* **TASK OBJECTIVE**:
Everything from the line that contains "COSTWAY 12L/Day Dehumidifier" through the final line of the records below should be quoted exactly, except the pictures.

* **DATA FOR THE TASK**:

========

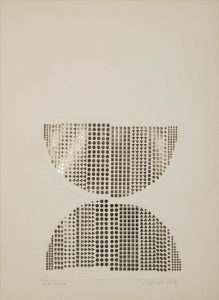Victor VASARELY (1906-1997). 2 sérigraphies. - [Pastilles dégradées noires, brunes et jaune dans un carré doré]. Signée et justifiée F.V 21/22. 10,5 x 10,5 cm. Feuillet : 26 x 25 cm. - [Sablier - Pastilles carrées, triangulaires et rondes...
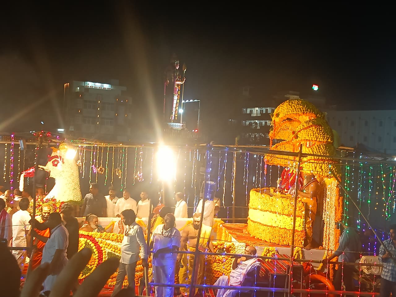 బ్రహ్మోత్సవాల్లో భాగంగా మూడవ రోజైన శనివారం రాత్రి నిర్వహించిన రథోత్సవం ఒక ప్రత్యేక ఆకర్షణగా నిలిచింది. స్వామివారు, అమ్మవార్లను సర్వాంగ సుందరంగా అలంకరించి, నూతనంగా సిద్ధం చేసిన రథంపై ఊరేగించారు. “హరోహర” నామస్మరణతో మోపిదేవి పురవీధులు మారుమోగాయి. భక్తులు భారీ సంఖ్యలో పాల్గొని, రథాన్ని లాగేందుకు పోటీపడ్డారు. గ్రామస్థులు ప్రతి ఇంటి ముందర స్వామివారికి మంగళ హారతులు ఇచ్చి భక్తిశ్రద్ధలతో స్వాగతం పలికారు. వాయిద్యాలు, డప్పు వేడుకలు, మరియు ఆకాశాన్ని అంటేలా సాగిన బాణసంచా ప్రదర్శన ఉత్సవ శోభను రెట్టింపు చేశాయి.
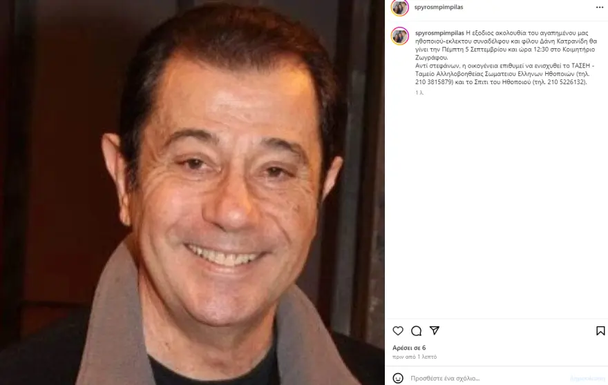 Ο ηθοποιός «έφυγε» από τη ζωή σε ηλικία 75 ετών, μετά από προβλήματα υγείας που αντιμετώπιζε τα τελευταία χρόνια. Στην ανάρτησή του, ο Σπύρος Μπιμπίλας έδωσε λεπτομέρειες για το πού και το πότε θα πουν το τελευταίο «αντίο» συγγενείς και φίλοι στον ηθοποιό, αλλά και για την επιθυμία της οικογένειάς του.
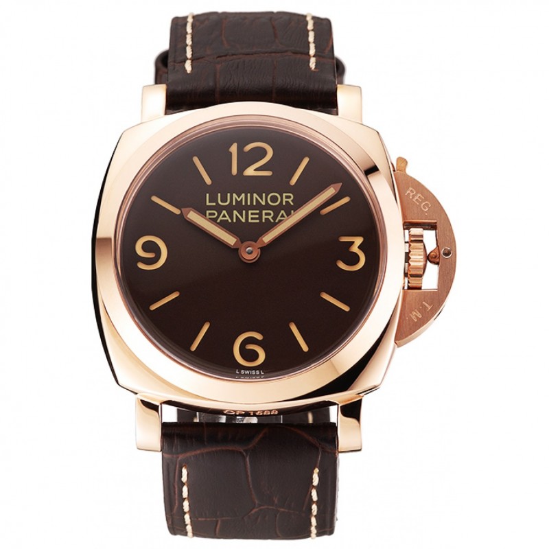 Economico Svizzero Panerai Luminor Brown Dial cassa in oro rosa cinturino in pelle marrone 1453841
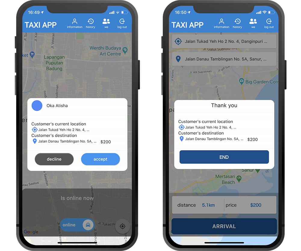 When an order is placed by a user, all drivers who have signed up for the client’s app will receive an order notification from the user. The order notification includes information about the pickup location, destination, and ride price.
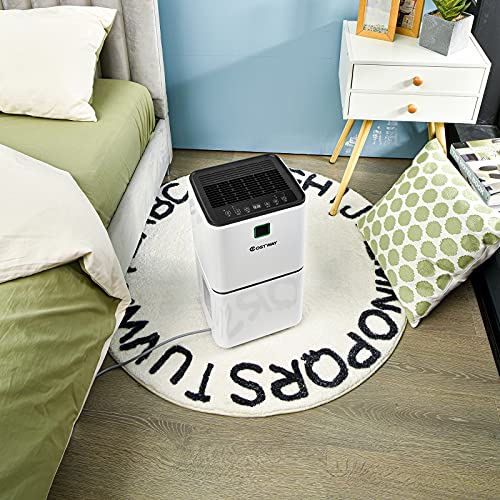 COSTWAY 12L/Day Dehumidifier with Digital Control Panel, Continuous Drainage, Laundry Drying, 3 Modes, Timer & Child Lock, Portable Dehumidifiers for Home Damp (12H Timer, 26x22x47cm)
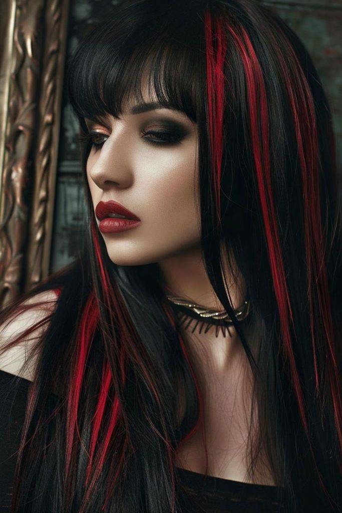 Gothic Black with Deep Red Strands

========

* **RESULT FOR THIS TASK**:
 COSTWAY 12L/Day Dehumidifier with Digital Control Panel, Continuous Drainage, Laundry Drying, 3 Modes, Timer & Child Lock, Portable Dehumidifiers for Home Damp (12H Timer, 26x22x47cm)
 Gothic Black with Deep Red Strands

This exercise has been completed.